The University of Chicago

School of Social Service Administration Magazine

SSA Alumni in Israel

Gail Kizner Auslander, AM ’74, MPH, PhD and Brian Auslander, AM ’74

You might say they’re a social work power couple.

Brian Auslander

Four decades after first moving to Israel, Brian Auslander, AM ’74, serves as director of professional projects and the international relations unit for the Jerusalem Municipality Social Services Department, where among other duties he is part of the team of social workers who respond to mass casualty incidents including terrorist attacks and natural disasters. He’s also a leader in the Israel Association of Social Workers, currently serving as a member of the national council and as the association's international representative.

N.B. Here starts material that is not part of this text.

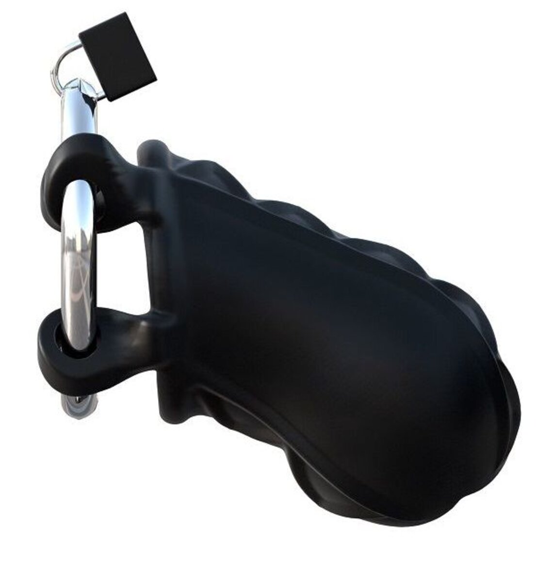 Silicone penis cage with an adjustable steel ring.

Gail Kizner Auslander, AM ’74, MPH, PhD, received her first appointment at the Paul Baerwald School of Social Work and Social Welfare, at Hebrew University in Jerusalem as a field work (internship) supervisor in 1978. She quickly moved up to instructor, teaching fellow, lecturer, senior lecturer, associate professor and finally, in 2004, full professor and the Zena Harman Chair in Social Work. She then served as dean for four years.  

Gail Auslander

“People know me from the academic side and know Brian both because of his work in the municipality and his work in the union,” Gail Auslander says. “We’re very well known as a social work couple in Israel. People always come up to him and tell him that I taught them, and people come up to me to tell me that they worked with him.”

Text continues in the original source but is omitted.